If you had a catheter at your groin
- Your provider will close your puncture site with applied pressure, and sometimes a suture device or a “plug.” A plug is a material that works with your body’s natural healing processes to form a clot in your artery. This reduces the risk of bleeding.
- You’ll need to lie flat and keep your leg straight for two to six hours to prevent bleeding (less time if they used a plug). Don’t raise your head more than 30 degrees (two pillows high). Don’t try to sit or stand until your provider tells you it is safe to do so.
- They’ll place a sterile dressing on your groin area to protect it from infection. They’ll check your bandage regularly, but call your provider if you think you’re bleeding (have a wet, warm sensation) or if your toes begin to tingle or feel numb.
Cardiac catheterization recovery
- You’ll need to drink plenty of liquids to clear the contrast material from your body. You may feel the need to pee more frequently. This is normal. If you’re on bed rest, you’ll need to use a bedpan or urinal.
- Your provider will tell you if you’re able to return home or will need to stay overnight. In either case, they’ll monitor you for several hours after the procedure.
- Before you go home, they’ll talk with you about your treatment, including medications, diet and future procedures. They’ll also talk about caring for your wound site, activity and follow-up care.
Going home
A responsible driver must drive you home. Your provider won’t discharge you unless you have someone available to drive you home.

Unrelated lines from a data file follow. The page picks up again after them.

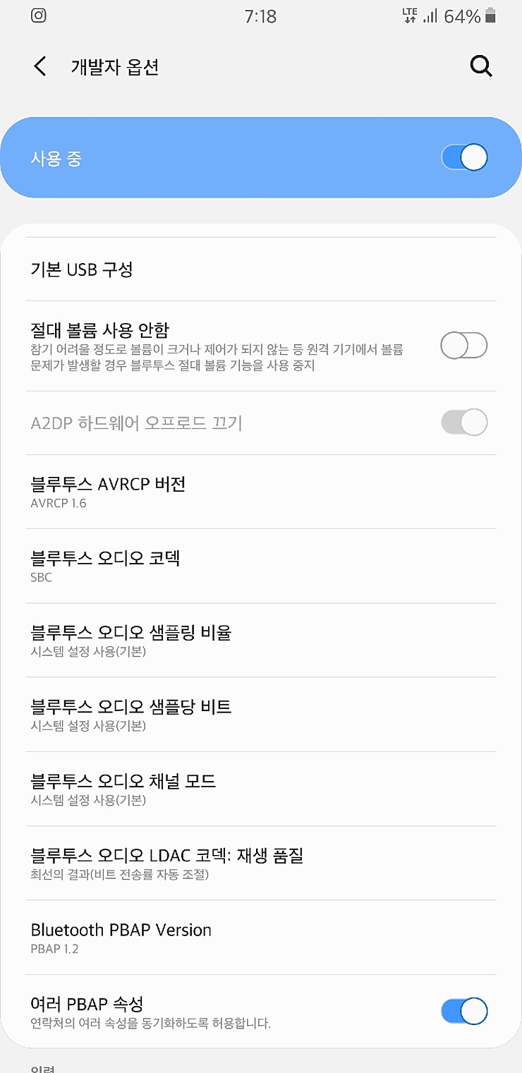 "블루투스 오디오 LDAC 코덱 선택 실행 : 재생품질" 을 클릭하여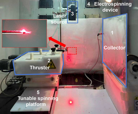 静电纺丝(electrospinning)是一项传统的纤维制造技术,其源头可追溯到1600年,但是直到1934年才设计出装置并实现聚合物纤维的静电纺丝制备;再到1960’s才揭示其中的关键现象“泰勒锥”;进入1990’s以后随着纳米科技的发展静电纺丝技术也终于走上了快车道。然而,在静电纺丝发展过程中,人们主要是通过调整仪器设备参数、实验环境参数、前驱液参数乃至针头改造等方式来实现纤维纺丝预期目标;而对于高压静电场中的泰勒锥超快作用过程一直无人问津,也无从入手。该论文首次将低功率红色激光束与超高压静电场中植入了蚕丝和藕茎两级仿生的泰勒锥超快反应前驱液相耦合,使含有碳纳米管的PAN前驱液在泰勒锥中的飞行组装温度和粘度等参数得以自由调控,从而创建了一套适用于各种高聚物复合纤维制备的“激光-静电场耦合仿生纺丝”新技术(LECBS),其基本装置如下: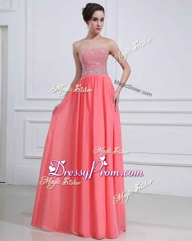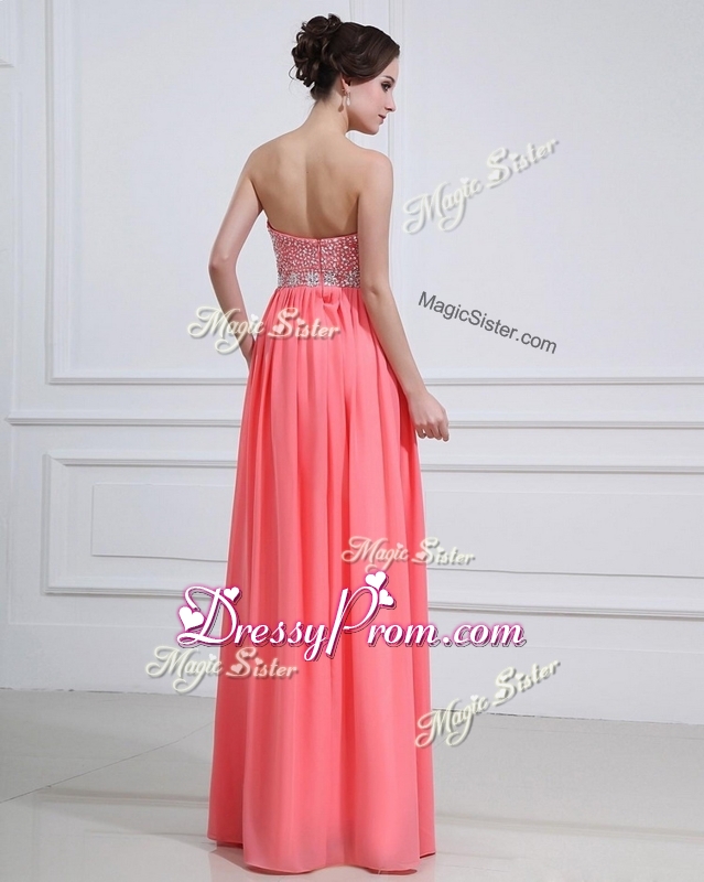Neckline : SweetheartShown Color : Watermelon RedSilhouette : EmpireSleeve Length : sleevelessHemline : floor lengthBack Detail : ZipperFabric : ChiffonEmbellishment : BeadingOccasion : Prom,Formal Evening,Homecoming,Graduation,PageantSeason : Spring,Summer,Fall,Winter

If you have more than a two-hour drive home, you should stay overnight in a hotel for your comfort. Some hospitals have a medical concierge to help you make arrangements. Then have your family member drive you home the next morning after you have rested.
During your drive home, stop every hour and walk for five to 10 minutes. If you’re traveling home by plane, stand up to stretch your legs and walk in the aisle at least every hour.
Ask your healthcare provider when you can resume driving and exercising.
What are the risks of this test?
People rarely have complications from heart catheterization. One million cardiac catheterizations take place in the U.S. each year, but the chances of a major complication during a heart catheterization for diagnostic reasons is less than 1%. Your cardiologist will discuss the specific risks and potential benefits of the procedure with you. Some of the possible cardiac catheterization risks include:
- Allergic reaction to the medication or contrast material you received during the procedure.
- Irregular heart rhythm.
- Infection.
- Low blood pressure.
- Bleeding at the catheter insertion site.
- A collapsed lung (pneumothorax).
- Continued chest pain or angina.
- Mild to moderate skin reactions (like a sunburn) from X-ray exposure.
- Kidney failure.
- Cardiac tamponade (fluid buildup around your heart).
- Heart attack, blood clots, stroke or death.
- Damage to a coronary artery.
- Emergency coronary artery bypass graft (CABG) surgery.
- Damage to blood vessels which may require emergency surgery.
There may be other possible risks. When you meet with your provider, ask questions to make sure you understand all of the potential risks and why they recommend the procedure.